→ **DATASET RECORDS**

• • •

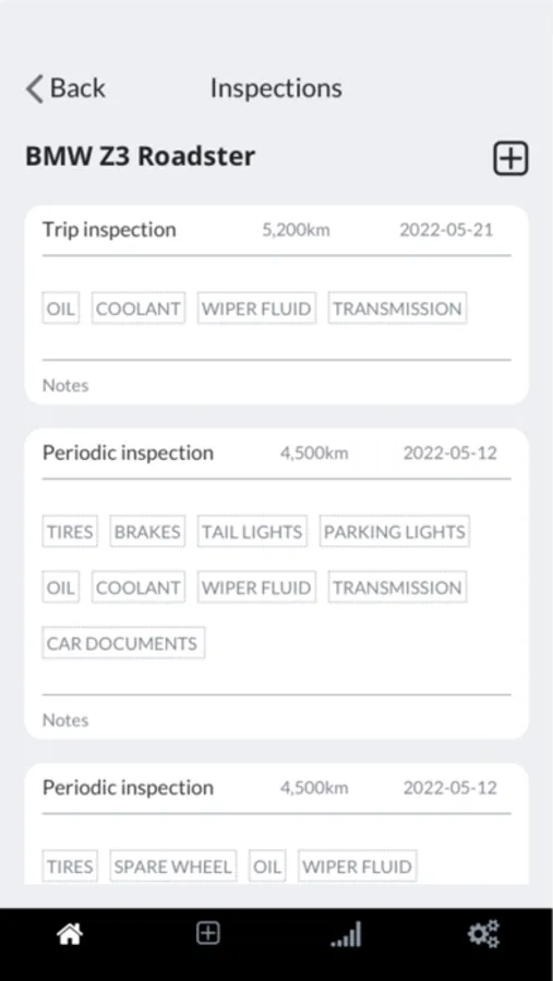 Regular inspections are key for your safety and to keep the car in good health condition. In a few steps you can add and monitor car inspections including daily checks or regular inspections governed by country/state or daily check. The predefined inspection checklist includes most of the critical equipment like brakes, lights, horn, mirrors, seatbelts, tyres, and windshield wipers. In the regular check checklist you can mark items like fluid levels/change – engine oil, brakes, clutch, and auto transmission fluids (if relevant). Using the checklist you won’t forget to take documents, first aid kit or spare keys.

• • •

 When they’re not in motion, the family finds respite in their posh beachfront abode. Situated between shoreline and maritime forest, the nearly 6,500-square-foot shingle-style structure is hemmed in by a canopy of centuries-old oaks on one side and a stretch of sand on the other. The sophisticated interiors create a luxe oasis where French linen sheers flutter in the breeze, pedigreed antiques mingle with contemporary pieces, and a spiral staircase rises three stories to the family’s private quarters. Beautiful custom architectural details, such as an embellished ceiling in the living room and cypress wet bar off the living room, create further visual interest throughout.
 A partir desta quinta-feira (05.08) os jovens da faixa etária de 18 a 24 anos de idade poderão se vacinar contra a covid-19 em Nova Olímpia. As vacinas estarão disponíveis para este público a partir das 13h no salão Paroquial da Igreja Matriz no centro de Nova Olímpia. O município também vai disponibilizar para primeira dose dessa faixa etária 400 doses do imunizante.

• • •

→ **TASK TO CARRY OUT**
Go through the material above and output exactly the lines from the one containing "When they’re not" through the one containing "A partir desta".

→ **RESPONSE AREA**
 When they’re not in motion, the family finds respite in their posh beachfront abode. Situated between shoreline and maritime forest, the nearly 6,500-square-foot shingle-style structure is hemmed in by a canopy of centuries-old oaks on one side and a stretch of sand on the other. The sophisticated interiors create a luxe oasis where French linen sheers flutter in the breeze, pedigreed antiques mingle with contemporary pieces, and a spiral staircase rises three stories to the family’s private quarters. Beautiful custom architectural details, such as an embellished ceiling in the living room and cypress wet bar off the living room, create further visual interest throughout.
 A partir desta quinta-feira (05.08) os jovens da faixa etária de 18 a 24 anos de idade poderão se vacinar contra a covid-19 em Nova Olímpia. As vacinas estarão disponíveis para este público a partir das 13h no salão Paroquial da Igreja Matriz no centro de Nova Olímpia. O município também vai disponibilizar para primeira dose dessa faixa etária 400 doses do imunizante.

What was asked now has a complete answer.